-- Exercise --
Retype nothing except the lines below from the one with "Set van 3 moderne" through the one with "Difference between files", exactly, with images left out.

-- Records for the exercise --
· · · · · · ·
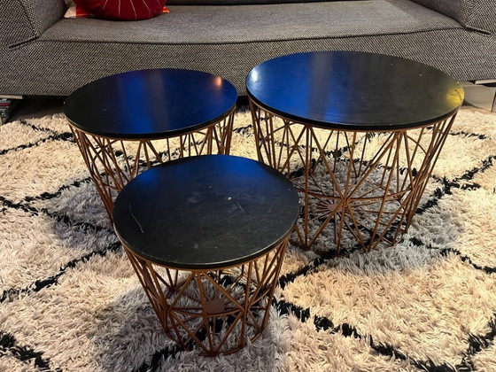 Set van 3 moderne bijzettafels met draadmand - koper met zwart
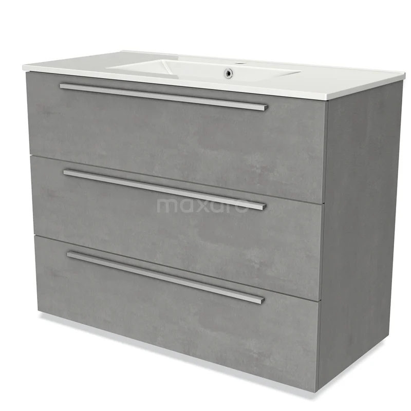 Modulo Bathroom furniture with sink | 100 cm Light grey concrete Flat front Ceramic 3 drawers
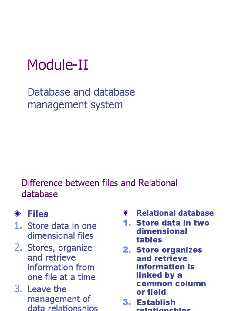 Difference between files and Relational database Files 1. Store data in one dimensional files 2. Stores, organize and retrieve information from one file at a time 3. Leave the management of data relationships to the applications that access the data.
· · · · · · ·
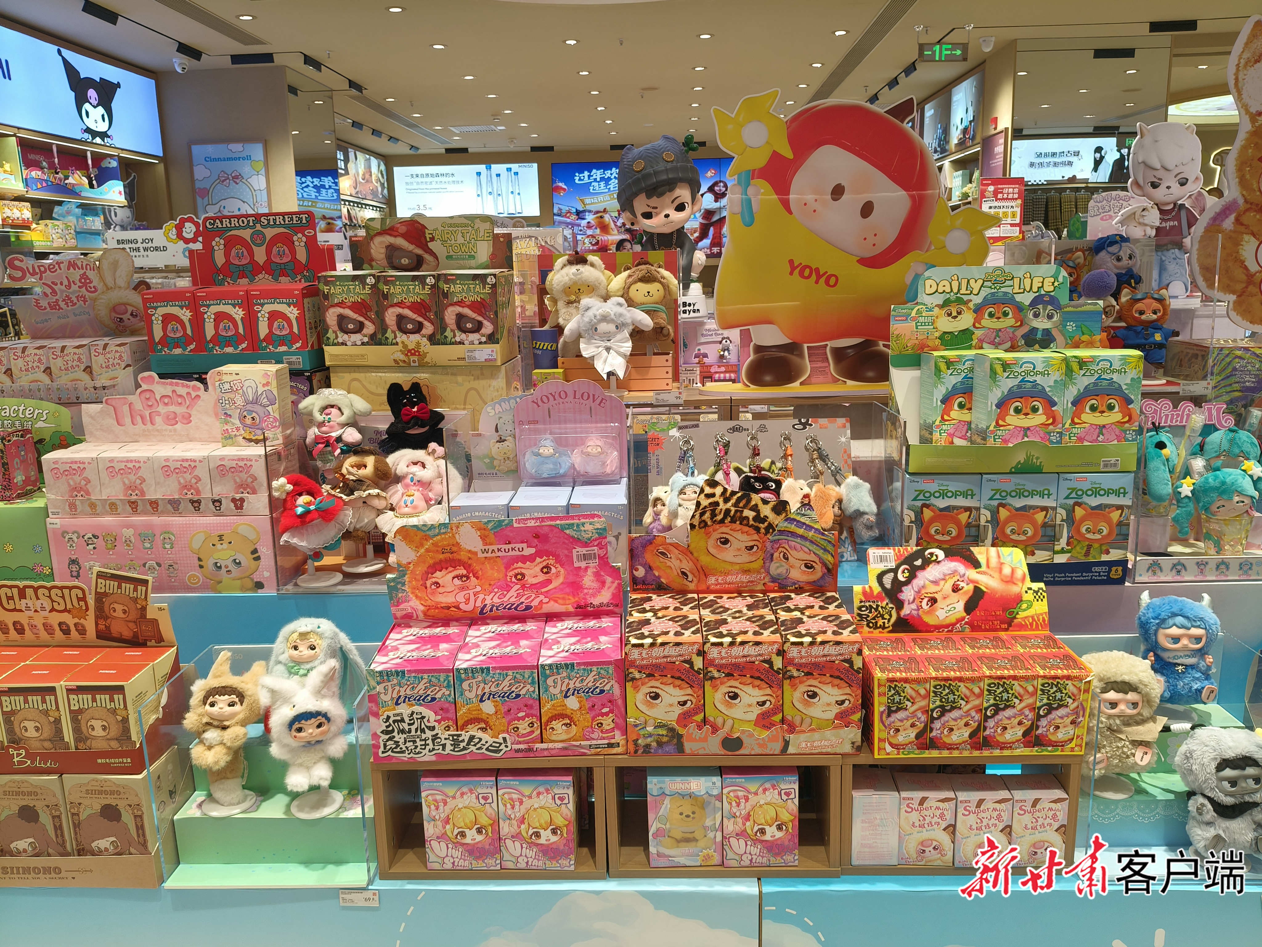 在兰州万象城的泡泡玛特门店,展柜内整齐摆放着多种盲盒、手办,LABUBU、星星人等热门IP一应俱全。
· · · · · · ·
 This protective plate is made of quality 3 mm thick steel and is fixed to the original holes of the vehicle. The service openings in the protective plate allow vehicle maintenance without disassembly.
· · · · · · ·
-- Response --
 Set van 3 moderne bijzettafels met draadmand - koper met zwart
 Modulo Bathroom furniture with sink | 100 cm Light grey concrete Flat front Ceramic 3 drawers
 Difference between files and Relational database Files 1. Store data in one dimensional files 2. Stores, organize and retrieve information from one file at a time 3. Leave the management of data relationships to the applications that access the data.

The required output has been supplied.